Я извлек бутылку «Макаллана» двадцатилетней выдержки в бочке, купленную в специальном магазине на Олд-Комптон-стрит. Меня теперь все больше мучили опасения, сумею ли я скрыть ее от таможенников США вдобавок к необлагаемому налогом литру в багажном отделении. Несколько стаканчиков золотого дымного виски, разбавленного минеральной водой, которое захватила с собой Люси, убедили меня, что, пожалуй, не стоит пытаться импортировать и двухсотграммовую банку иранской икры, которую я приобрел в аэропорту. Я сходил в кухонный отсек, раздобыл две чайные ложки, и мы предались объедению.
Во время этой оргии чревоугодия мы принялись перемывать кости другим пассажирам. Я вскоре обнаружил, что Люси безошибочно подмечает малейшие особенности произношения, жестов, ухоженности, одежды и всяких прочих аксессуаров, обладая способностью синтезировать свои открытия в язвительно-остроумную и беспощадную карикатуру.
А главное, она оказалась одной из немногих знакомых мне женщин, умеющих заставлять меня смеяться. Не знаю почему, но, согласно моему опыту, живой юмор — это обычно мужское качество. Мужчины, которых я не терплю, тем не менее способны меня рассмешить, но практически ни одной из женщин, которых в то или иное время я любил, не удавалось вызвать у меня ничего, кроме вежливой улыбки.
Люси была другой.
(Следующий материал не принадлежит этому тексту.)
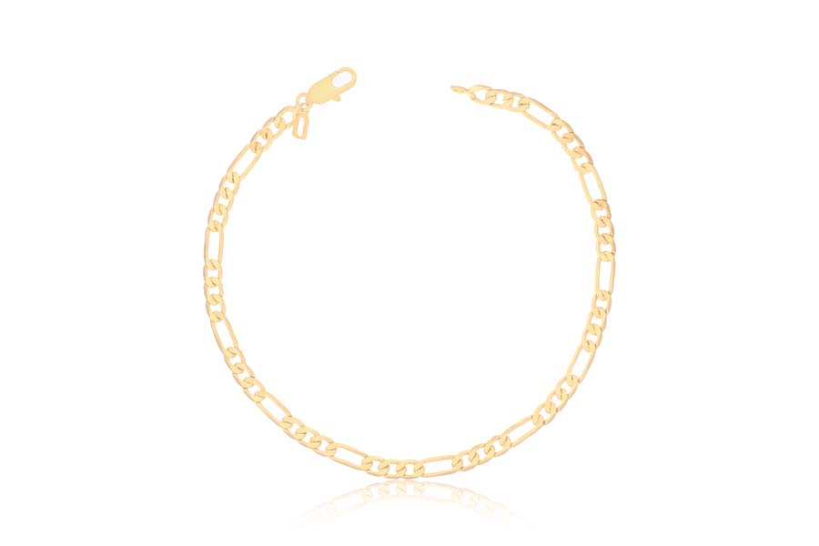 PULSEIRA BANHADA EM OURO, CORRENTE ELO PORTUGUÊS 5mm, 17cm COMPRIMENTO, EXTENSOR 5cm COMPRIMENTO E PESO 4,60g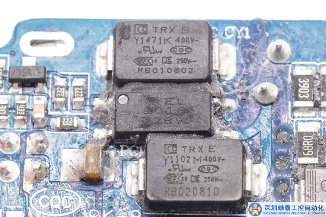 PCBA模塊側(cè)面焊接高壓濾波電容和NTC浪涌抑制電阻。

Она всячески избегала ранить чьи-либо чувства, но никогда не обманывалась и не была ханжой — при условии, что предмет ее нашептываемого монолога никак не может ее услышать. А потому ее губы оказались в интересной близости от моего уха. Я ощущал ее дыхание на мочке и в изгибах ушной раковины.
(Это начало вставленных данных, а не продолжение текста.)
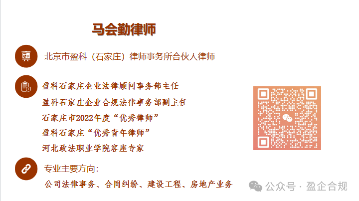 2024年1月15日,北京市盈科(石家庄)律师事务所企业合规法律事务部举办了2024年第二周的部门分享会。本次分享会由马会勤律师主讲,主题围绕“获客、报价与合作分成”。通过这次分享,部门青年律师们收获了宝贵的经验,对未来职业生涯的发展有了更明确的认识。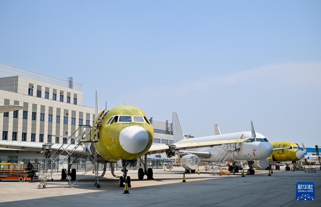 6月18日,在天津自由贸易试验区天津机场片区内的天津海特飞机工程有限公司,工作人员在停机坪对飞机进行保税维修。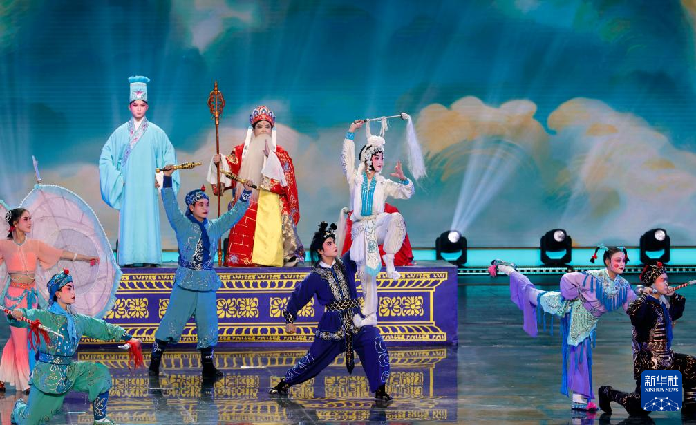 11月29日、戯曲舞踊を披露する俳優ら。(成都=新華社記者/沈伯韓)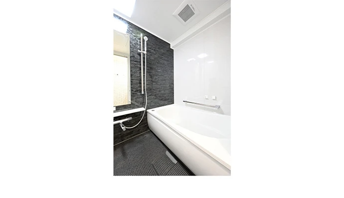 浴室は、浴槽に保温性能に優れたユニットバスを選びました。アクセントパネルは洗面室とつながりが感じられるブラックを採用し、ホテルのようなシックな雰囲気に仕上げました。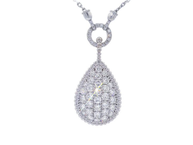 This stunning diamond pendant necklace features a beautifully crafted teardrop design, adorned with sparkling diamonds that catch the light from every angle. Perfect for special occasions or as a luxurious everyday accessory, this piece adds a touch of elegance to any outfit.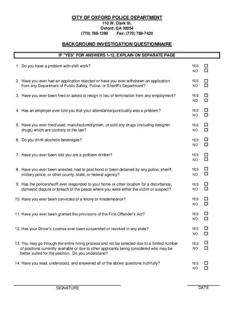 CITY OF OXFORD POLICE DEPARTMENT 110 W. Clark St. Oxford, GA 30054 (770) 7881390 Fax: (770) 7887420BACKGROUND INVESTIGATION QUESTIONNAIRE IF \” YES\” FOR ANSWERS 112, EXPLAIN ON SEPARATE PAGE

В какой-то момент мимо прошла худенькая бледная девочка в сопровождении женщины лет шестидесяти грозно компетентного вида. У нее были тщательно завитые псевдобелокурые волосы, крепко сжатый рот и квадратный подбородок. Низенький рост, массивный бюст, нижняя часть торса, сужающаяся к тощим ногам. Одежда ее состояла из эластичных брюк и мерцающего свитера, демонстрирующего подобие гибрида кота и ангела. Одна ее рука сжимала плечо девочки, а другая крепко держала устрашающих размеров сумку.
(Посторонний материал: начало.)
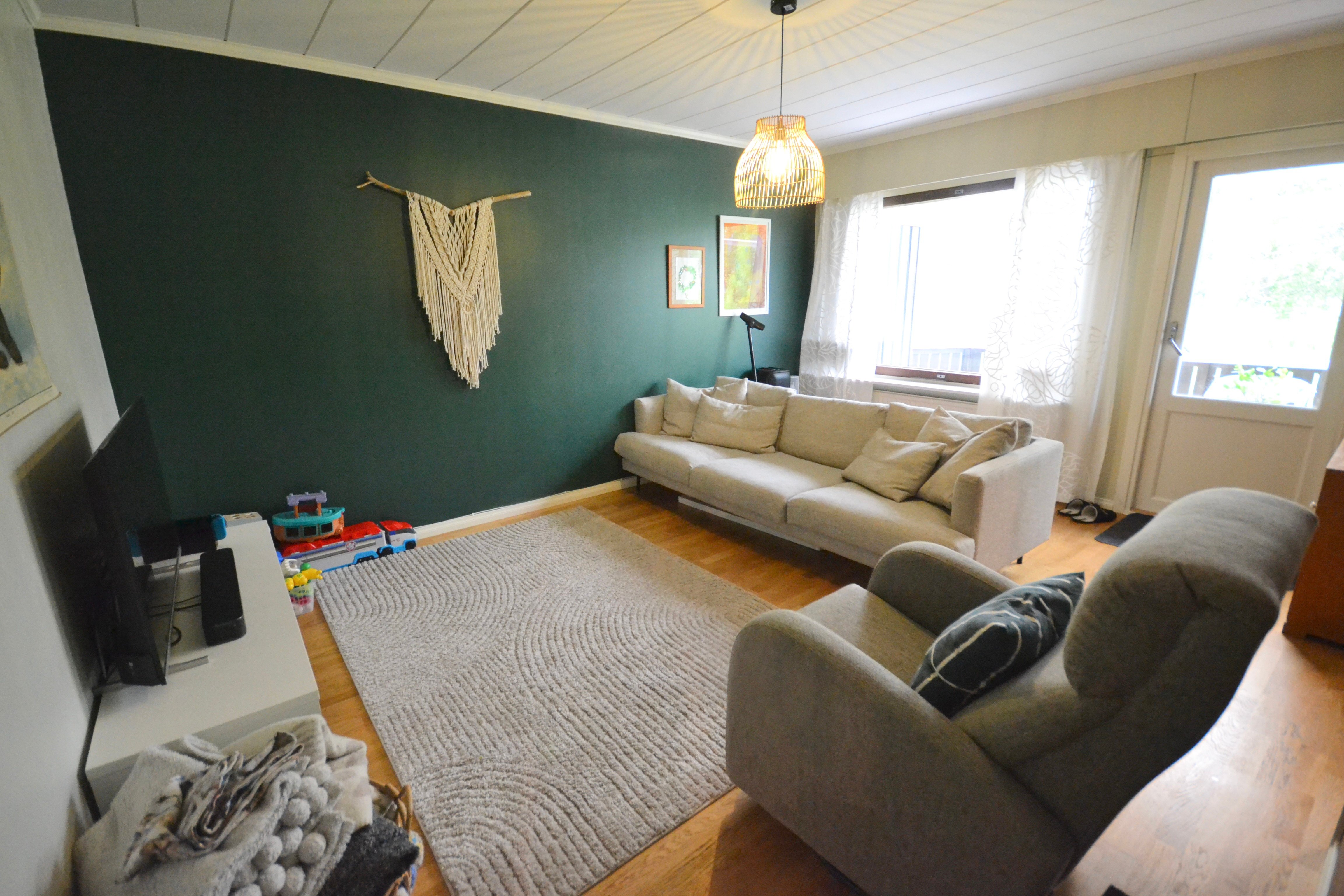 Aivan ihastuttava saunallinen kolmio kivalla katetulla terassilla ja suojaisalla pihalla. Kodikas rivitalohuoneisto suositulta asuinalueelta, koulun ja palvelujen läheisyydessä.

— Крепкая бабища, — сказала Люси. — Выскочила за бездельника, когда была еще душечкой, и нарожала кучу детей. Бедная девчушка, наверное, одна из ее внучек. Она ее растит, потому что дочка оказалась чересчур легкомысленной. Она и сама была такой, но теперь все позади. Теперь она матриарх клана неудачников где-нибудь в лесах или к востоку от гор. Она отдает им приказы хриплым прокуренным голосом, а затем выручает, когда они впутываются в истории. Телевизор в доме не выключается, даже когда все спят.
— Так что же она делала в Европе? — спросил я, зачерпывая еще холмик маслянистых серых шариков и вкладывая его между ее губами.
— Один из ее безнадежных сынков пошел в армию. Он служит на какой-то базе в Германии, поухаживал по-свойски за местной Fraulein и угодил на губу.